== Segment start ==
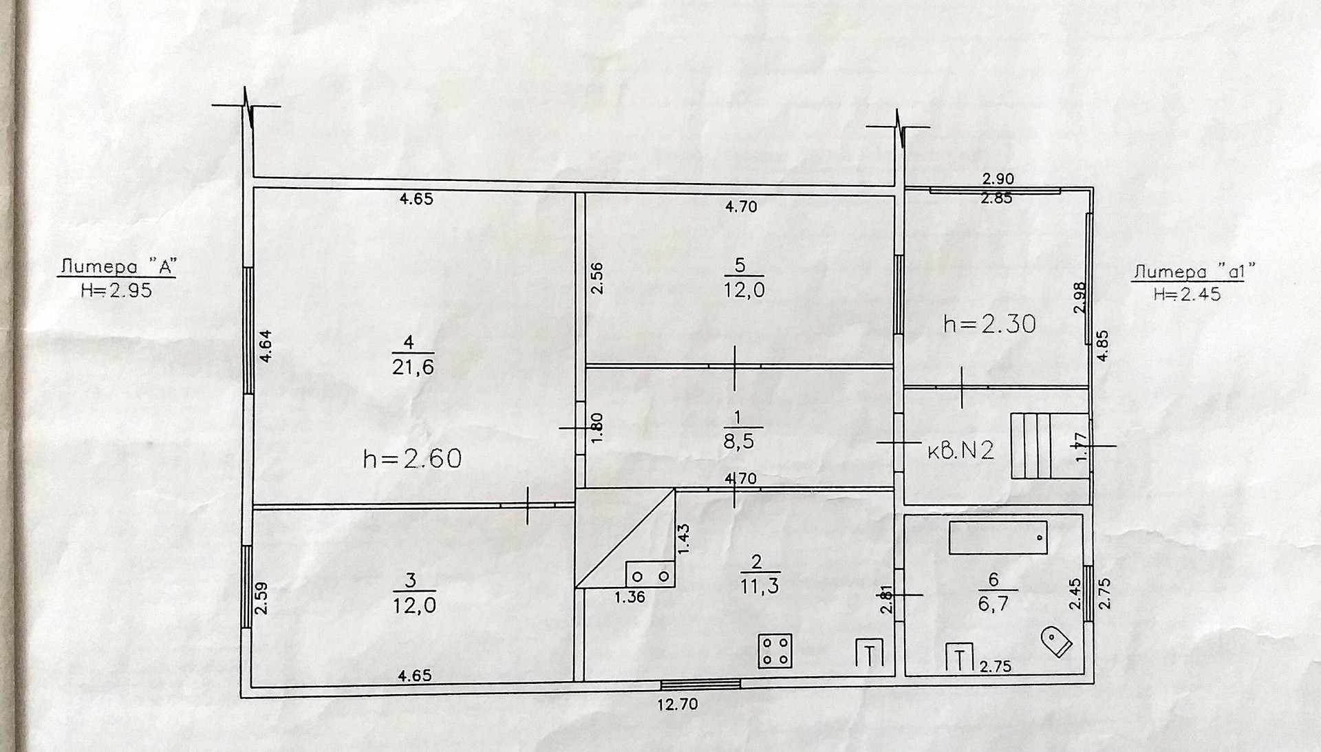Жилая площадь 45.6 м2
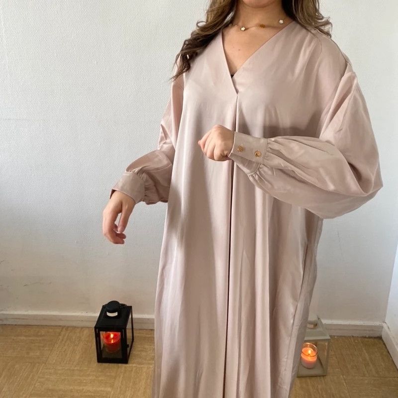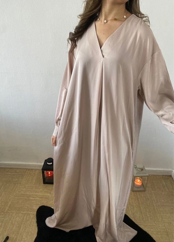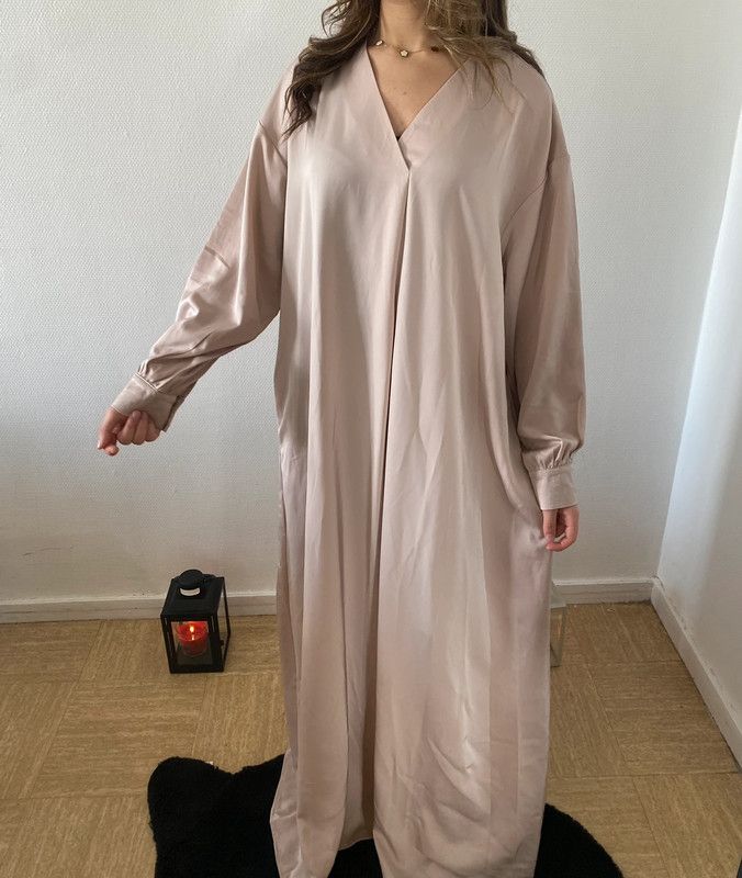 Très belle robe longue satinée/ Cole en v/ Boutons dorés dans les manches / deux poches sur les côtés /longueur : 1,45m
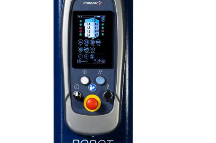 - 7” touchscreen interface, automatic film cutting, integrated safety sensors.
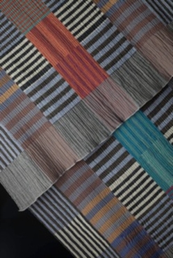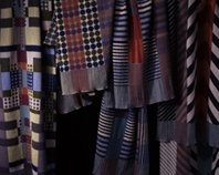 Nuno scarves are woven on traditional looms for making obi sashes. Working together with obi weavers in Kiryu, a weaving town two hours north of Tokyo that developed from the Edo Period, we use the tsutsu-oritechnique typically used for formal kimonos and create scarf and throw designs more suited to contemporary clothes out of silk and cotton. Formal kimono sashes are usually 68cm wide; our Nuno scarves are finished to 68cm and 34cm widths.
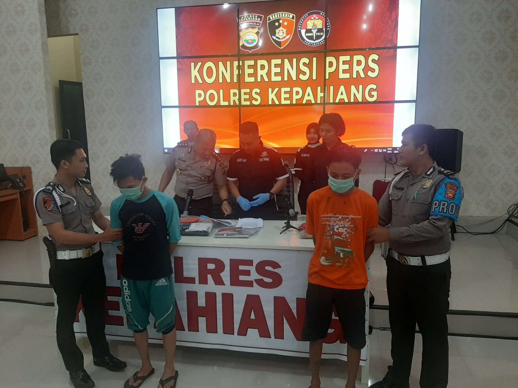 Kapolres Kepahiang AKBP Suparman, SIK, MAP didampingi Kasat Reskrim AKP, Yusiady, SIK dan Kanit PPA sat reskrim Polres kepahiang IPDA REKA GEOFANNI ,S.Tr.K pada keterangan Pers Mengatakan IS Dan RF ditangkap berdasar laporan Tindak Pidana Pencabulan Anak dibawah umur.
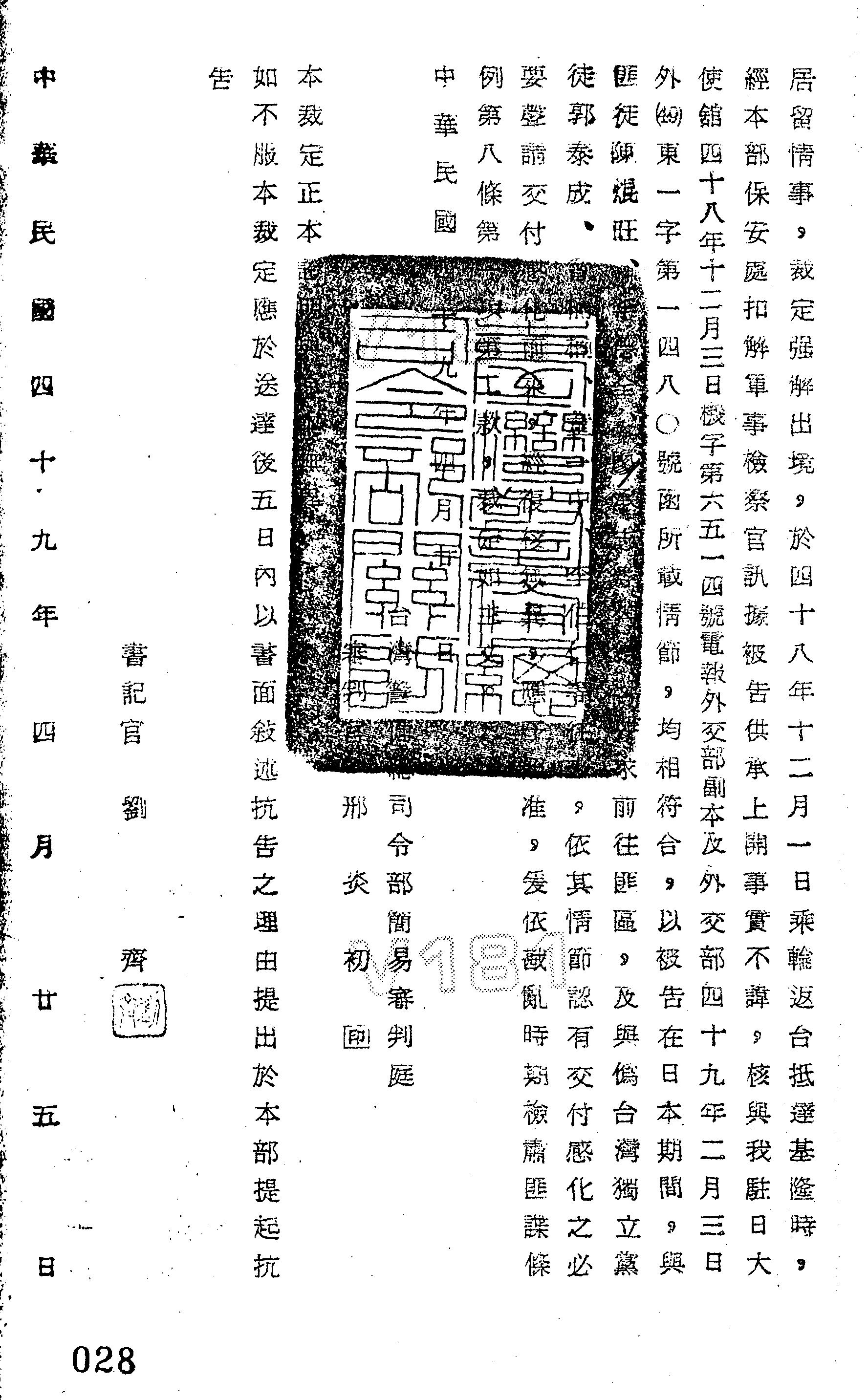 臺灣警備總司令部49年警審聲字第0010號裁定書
== Segment end ==
*Goal of the exercise*.
The first line of the entries, the line containing "integrated safety sensors.", and every line between them are to be output exactly; pictures are not.

*Problem solution*.
Жилая площадь 45.6 м2
 Très belle robe longue satinée/ Cole en v/ Boutons dorés dans les manches / deux poches sur les côtés /longueur : 1,45m
 - 7” touchscreen interface, automatic film cutting, integrated safety sensors.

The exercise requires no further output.